Die Versicherungsnehmerin (VN) der jetzigen Klägerin wurde
vom Bauherrn im vorangegangenen Verfahren wegen Baumängeln verklagt. In diesem
Verfahren verkündete die VN dem jetzigen Beklagten den Streit, der auf Seiten
der VN dem Rechtsstreit beitrat. Nach dem Urteil, mit dem die VN zur Zahlung von
€ 79.054,86 zuzüglich Zinsen verurteilt wurde, zahlte die Klägerin den Betrag
abzüglich des Selbstbehalts der VN an den Bauherrn an den Bauherrn und
verlangte 40% davon vom Beklagten erstattet. Das Landgericht hat die VN und den
Beklagten als Gesamtschuldner angesehen, allerdings eine vom Beklagten erhobene
Einrede der Verjährung als begründet angesehen. Nach „ 195 betrage die
Verjährungsfrist drei Jahre, beginnend nach § 199 Abs. 1 BGB mit dem Schluss
des Jahres, in dem der ausgleichspflichtige Anspruch entstand und die VN Kenntnis
von den anspruchsbegründenden Umständen erhielt. Damit, so das Landgericht,
begann die Verjährung am 01.01.2008 und sei am 31.12.2010 abgelaufen. Die
Klageerhebung der Klägerin in 2013 habe die Verjährungsfrist nicht mehr nach §
204 BGB hemmen können. Die Streitverkündung der VN habe nach Auffassung des
Landgerichts nicht zur Hemmung geführt, da die Streitverkündung unzulässig
gewesen sei. Die Unzulässigkeit ergebe sich daraus, dass schon im Zeitpunkt der
Streitverkündung eine gesamtschuldnerische Haftung des Beklagten mit der VN in
Betracht kam und von daher auch der Bauherr beide hätte verklagen können. Damit
hätte die VN den Beklagten selbst klageweise auf Freistellung in Anspruch
nehmen müssen. Dem schloss sich das OLG an und hat die Berufung mit Beschluss
nach § 522 ZPO zurückgewiesen.
Der BGH folgte der Rechtsansicht der Vorinstanzen nicht.

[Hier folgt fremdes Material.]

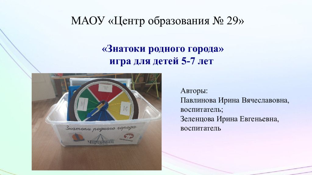 «Знатоки родного города» игра для детей 5-7 лет Авторы: Павлинова Ирина Вячеславовна, воспитатель; Зеленцова Ирина Евгеньевна, воспитатель
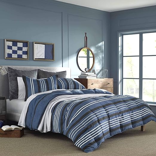 Amazon Com Nautica Home Craver Collection 100 Cotton Cozy Soft Durable Breathable Striped Comforter Matching Shams 3 Piece Bedding Set Queen Navy Home Kitchen

Er wies darauf hin, dass nach § 72 Abs. 1 ZPO eine
Streitverkündung u.a., dann zulässig sei, wenn die Partei im Zeitpunkt der
Streitverkündung aus in diesem Augenblick naheliegenden Gründen für den Fall
eines für sie ungünstigen Ausgangs des Rechtsstreits einen Anspruch gegen einen
Dritten erheben zu können glaubt. Entscheidend dabei sie, dass die
Streitverkündung verhindern soll, dass verschiedene Beurteilungen desselben
Tatbestandes durch unterschiedliche Gerichte erfolgen, weshalb auch §§ 74, 68
ZPO diesem Risiko entgegenwirkt. Von daher sei zu unterscheiden:
Unzulässig ist eine Streitverkündung durch den Kläger des
Vorprozesses (dies wäre hier der Bauherr) gegenüber dem jetzigen Beklagten,
wenn (und da) von vornherein nach Lage der Dinge der jetzige Beklagte und die
VN als Gesamtschuldner ihm gegenüber haften und von daher die Klage hätte auf
den jetzigen Beklagten erweitert werden können. In einem solchen Fall könnte es
auch für den Streitverkünder nicht mehr darauf ankommen, ob der Prozess für ihn
ungünstig ausgeht.
Anders aber sei es in dem Fall (wie hier), wenn der Beklagte
des Vorprozesses (hier die VN) gegen einen Dritten (Streitverkündungsempfänger,
hier der Beklagte des aktuellen Prozesses) aus im Zeitpunkt der
Streitverkündung naheliegenden Gründen aus einem Gesamtschuldverhältnis einen Gesamtschuldnerausgleichsanspruch erheben zu können glaube. Ausgleichsansprüche
unter Gesamtschuldner sind, so der BGH, Ansprüche auf Schadloshaltung iSv. § 72
Abs. 1 ZPO. Ein Beklagter wie hier die VN der Klägerin , der einen
Gesamtschuldnerausgleich gegen einen Dritten erheben zu können glaubt, ist dem
Risiko ausgesetzt, vor dem die mit der Streitverkündung verbundene
Bindungswirkung nach §§ 74, 68 ZPO bewahren soll.